WHAT YOU HAVE TO DO => Transcribe the records in full; omit images.

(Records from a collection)
= Beginning of Section =
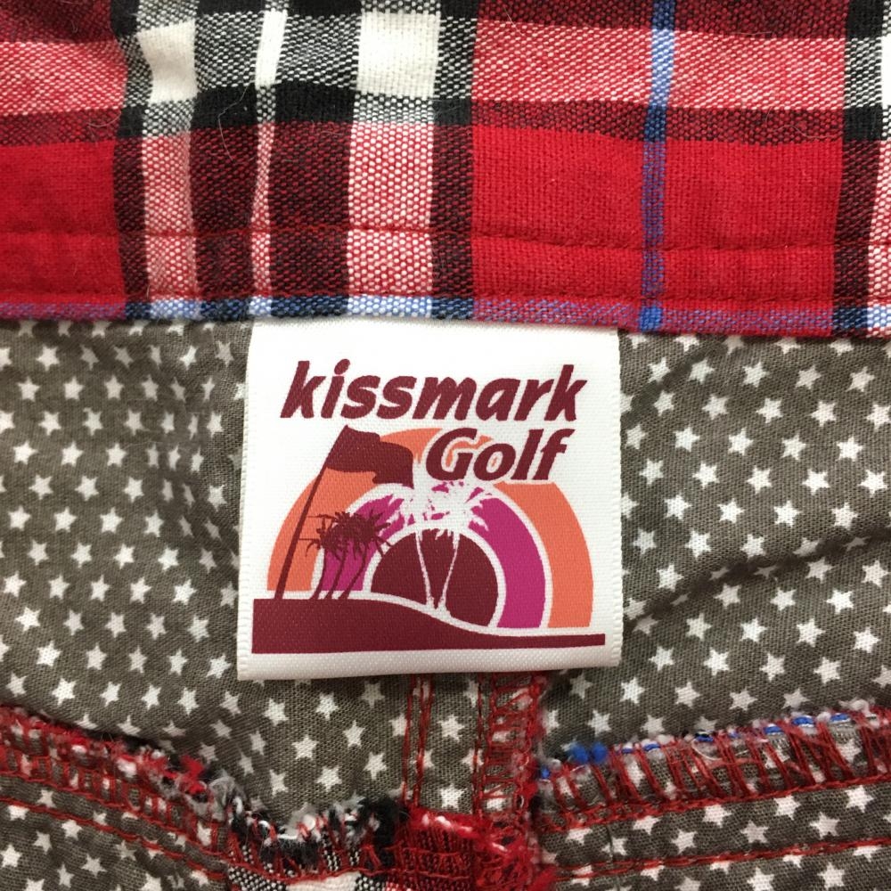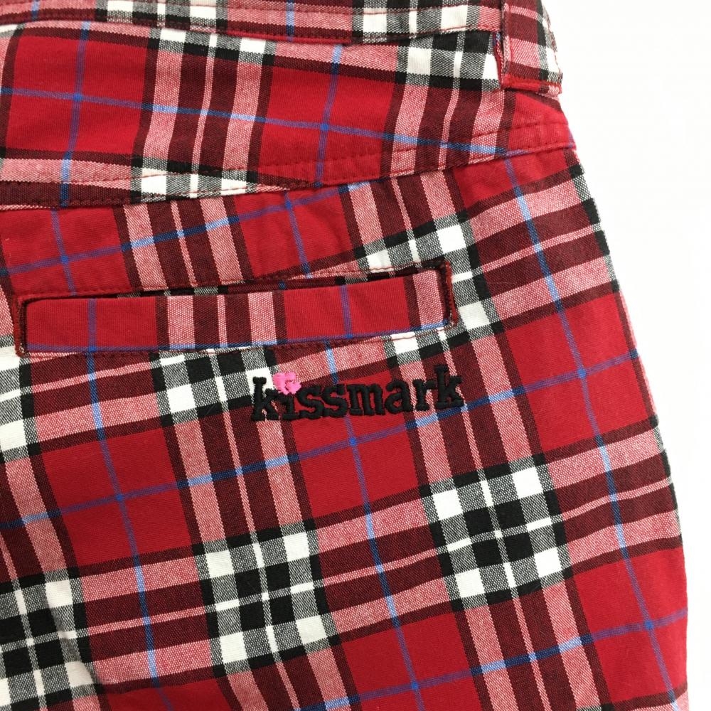 【美品】キスマークゴルフ パンツ レッド×黒 チェック レディース 9 ゴルフウェア kissmark
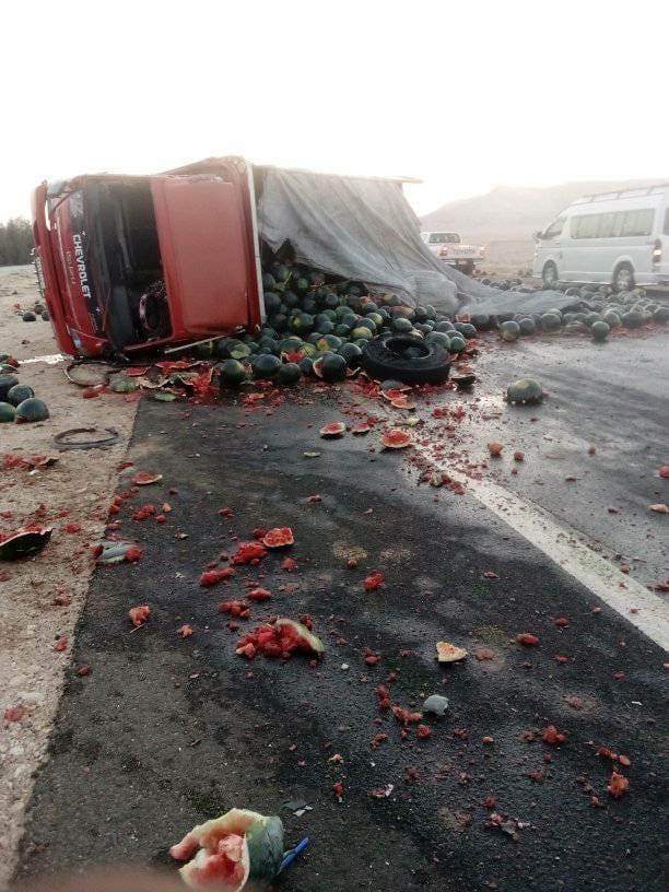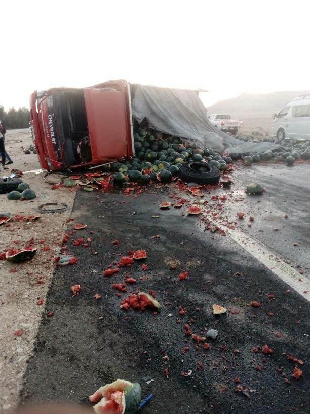 "البطيخ كله راح على الأسفلت".. انقلاب سيارة نقل وإصابة سائقها على "صحراوي قنا"
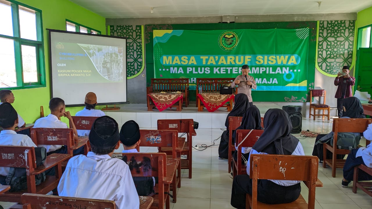 Majalengka,- Mewakili Kapolsek Maja, AKP Kenedy Joko Lelono,Kasium Polsek Maja Bripka Aryanto memberikan materi tentang pencegahan bullying dan cyberbullying kepada siswa-siswi dalam kegiatan Masa Pengenalan Lingkungan Sekolah (MPLS) di MAPK NU Maja pada Rabu (17/7/2024). Kegiatan tersebut dihadiri oleh Kepala MAPK NU Maja, Endin Muhtadin, M.Pd., Wakasek Kesiswaan, Arif Rahman Syahid, S.Ag., Pembina Osis, Fitri Amalia Zahra, M.Pd., serta siswa-siswi yang mengikuti MPLS.
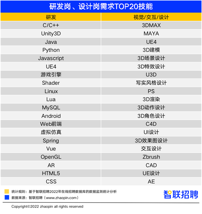 研发岗位中,招聘方所看中的技能排行前列的为C/C++、Unity3D(U3D)、Java、Python,基本为程序员“通用技术”。而设计岗则更需要3DMAX、MAYA、UE4、3D建模等方面的人才。
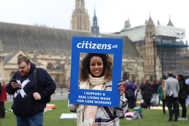 On Wednesday, 200 members of community organising group Citizens UK gathered in Parliament Square to call on MPs to support a real living wage for care workers in England.
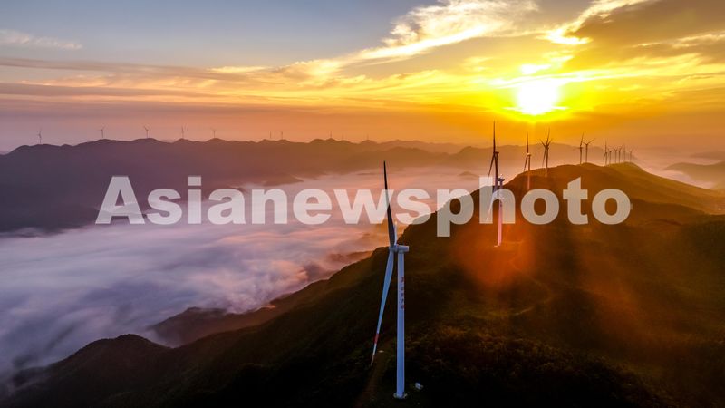 图片说明:2024年6月13日,江西省瑞昌市洪下乡蜈蚣山风电场,一台台发电机矗立在群山、云海之中,勾勒出一幅仙境般的美丽画卷。
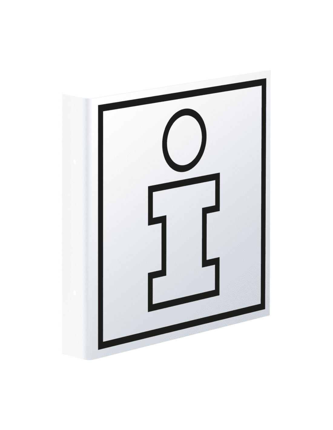 Dit haakse bord om informatiepunten te duiden is eenvoudig te monteren door de twee boorgaten van 5 millimeter. Het bord is gemaakt van kunststof. Dit maakt het bestand tegen vocht en zelfs zwakke zuren. Bovendien is het bord vlam vertragend. Hierdoor is het bord geschikt om binnen en buiten te gebruiken.
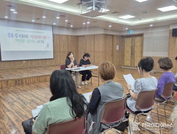 교육을 통해 자율방재단원들은 침수 발생 시 필요한 장비 사용법과 단계별 대응 요령 및 현장에서의 역할과 임무를 익혔다.
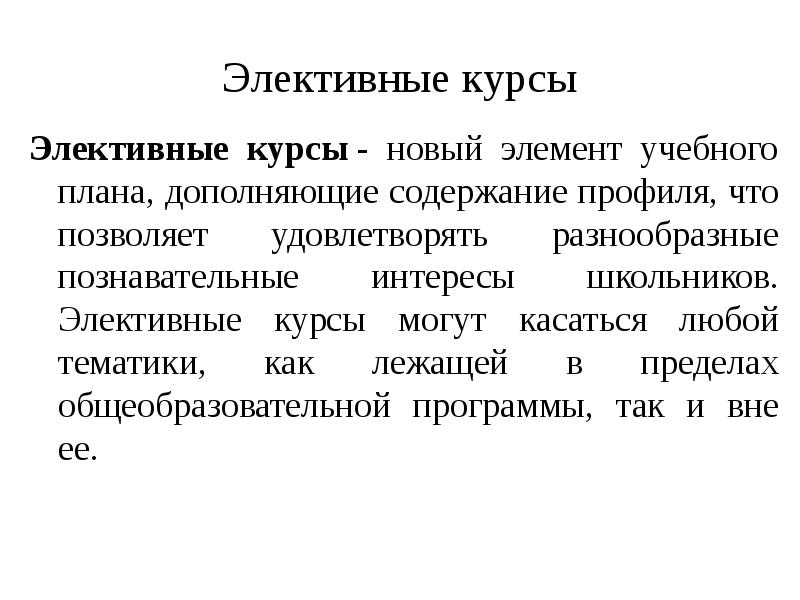Первые элективные курсы
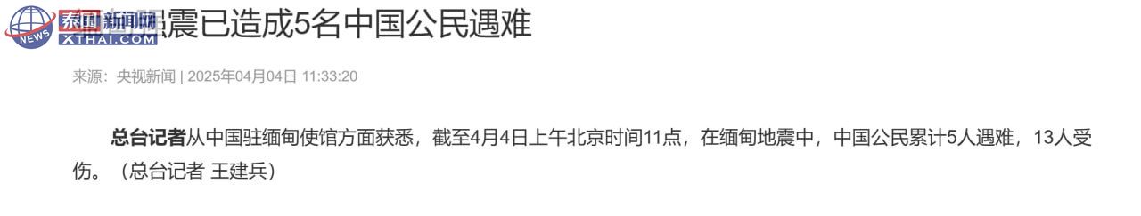 【突发:缅甸强震致中国公民5死13伤 国际救援力量持续挺进】据中国驻缅甸大使馆最新通报,截至4月4日11时,缅甸突发强震已导致中国公民5人罹难、13人受伤。目前缅甸消防部门联合国际救援队成功营救653名幸存者,中方使领馆正开展紧急医疗支援与人员安置,并与缅甸当局建立24小时应急对接机制。值得警惕的是,震区余震频发风险犹存,中国驻缅使馆紧急呼吁在缅公民:立即完善住所安全防护,同步关注使馆官方通报,遇险情第一时间拨打领保热线。国际地震专家指出,本次震源深度较浅或加剧次生灾害,驻缅中企已启动应急预案加强安保层级。
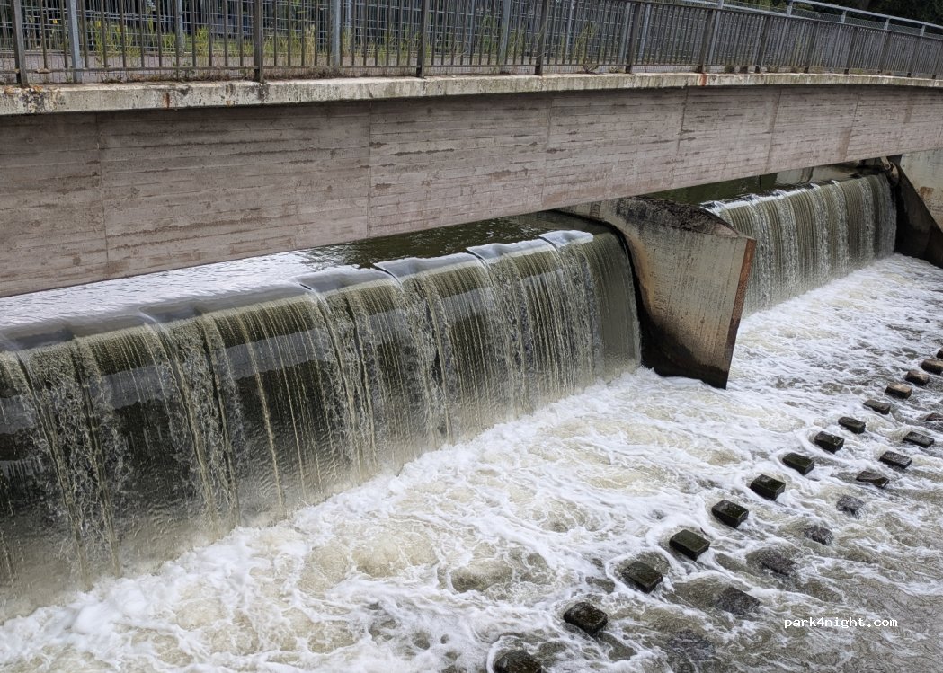 von Süden aus anfahren, schöner Parkplatz, eben und gepflastert, keine Verbotsschilder, die Brücke ist zugepollert,schöne Wanderungen mit dem hund
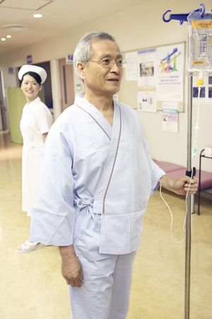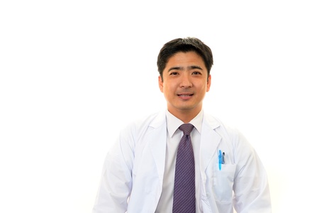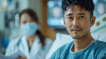 Portrait of Asian male doctor looking at camera while his female patient sitting in background
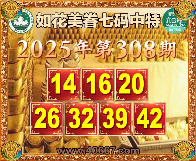 308期:【如花美眷】  ♣️七码中特 ♣️【14.16.20.26.32.39.42】开:39
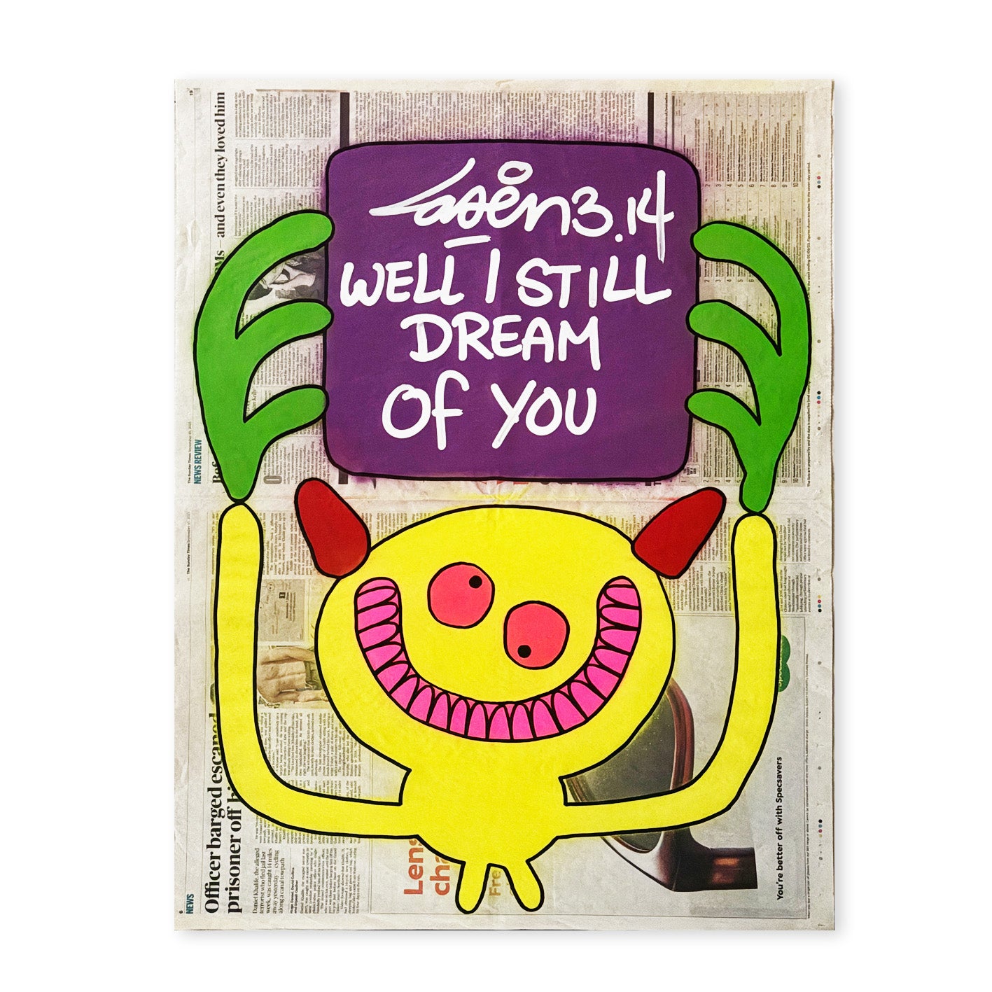 On these newspapers, Bortusk Leer painted his unmistakable, eye popping characters holding signs, while Laser 3.14 added his signature handstyle/tag in paint on the signs transforming disposable objects of commercial culture into raw, vivid works of art.
= End of Section =
ANSWER SECTION =>
 【美品】キスマークゴルフ パンツ レッド×黒 チェック レディース 9 ゴルフウェア kissmark
 "البطيخ كله راح على الأسفلت".. انقلاب سيارة نقل وإصابة سائقها على "صحراوي قنا"
 Majalengka,- Mewakili Kapolsek Maja, AKP Kenedy Joko Lelono,Kasium Polsek Maja Bripka Aryanto memberikan materi tentang pencegahan bullying dan cyberbullying kepada siswa-siswi dalam kegiatan Masa Pengenalan Lingkungan Sekolah (MPLS) di MAPK NU Maja pada Rabu (17/7/2024). Kegiatan tersebut dihadiri oleh Kepala MAPK NU Maja, Endin Muhtadin, M.Pd., Wakasek Kesiswaan, Arif Rahman Syahid, S.Ag., Pembina Osis, Fitri Amalia Zahra, M.Pd., serta siswa-siswi yang mengikuti MPLS.
 研发岗位中,招聘方所看中的技能排行前列的为C/C++、Unity3D(U3D)、Java、Python,基本为程序员“通用技术”。而设计岗则更需要3DMAX、MAYA、UE4、3D建模等方面的人才。
 On Wednesday, 200 members of community organising group Citizens UK gathered in Parliament Square to call on MPs to support a real living wage for care workers in England.
 图片说明:2024年6月13日,江西省瑞昌市洪下乡蜈蚣山风电场,一台台发电机矗立在群山、云海之中,勾勒出一幅仙境般的美丽画卷。
 Dit haakse bord om informatiepunten te duiden is eenvoudig te monteren door de twee boorgaten van 5 millimeter. Het bord is gemaakt van kunststof. Dit maakt het bestand tegen vocht en zelfs zwakke zuren. Bovendien is het bord vlam vertragend. Hierdoor is het bord geschikt om binnen en buiten te gebruiken.
 교육을 통해 자율방재단원들은 침수 발생 시 필요한 장비 사용법과 단계별 대응 요령 및 현장에서의 역할과 임무를 익혔다.
Первые элективные курсы
 【突发:缅甸强震致中国公民5死13伤 国际救援力量持续挺进】据中国驻缅甸大使馆最新通报,截至4月4日11时,缅甸突发强震已导致中国公民5人罹难、13人受伤。目前缅甸消防部门联合国际救援队成功营救653名幸存者,中方使领馆正开展紧急医疗支援与人员安置,并与缅甸当局建立24小时应急对接机制。值得警惕的是,震区余震频发风险犹存,中国驻缅使馆紧急呼吁在缅公民:立即完善住所安全防护,同步关注使馆官方通报,遇险情第一时间拨打领保热线。国际地震专家指出,本次震源深度较浅或加剧次生灾害,驻缅中企已启动应急预案加强安保层级。
 von Süden aus anfahren, schöner Parkplatz, eben und gepflastert, keine Verbotsschilder, die Brücke ist zugepollert,schöne Wanderungen mit dem hund
 Portrait of Asian male doctor looking at camera while his female patient sitting in background
 308期:【如花美眷】  ♣️七码中特 ♣️【14.16.20.26.32.39.42】开:39
 On these newspapers, Bortusk Leer painted his unmistakable, eye popping characters holding signs, while Laser 3.14 added his signature handstyle/tag in paint on the signs transforming disposable objects of commercial culture into raw, vivid works of art.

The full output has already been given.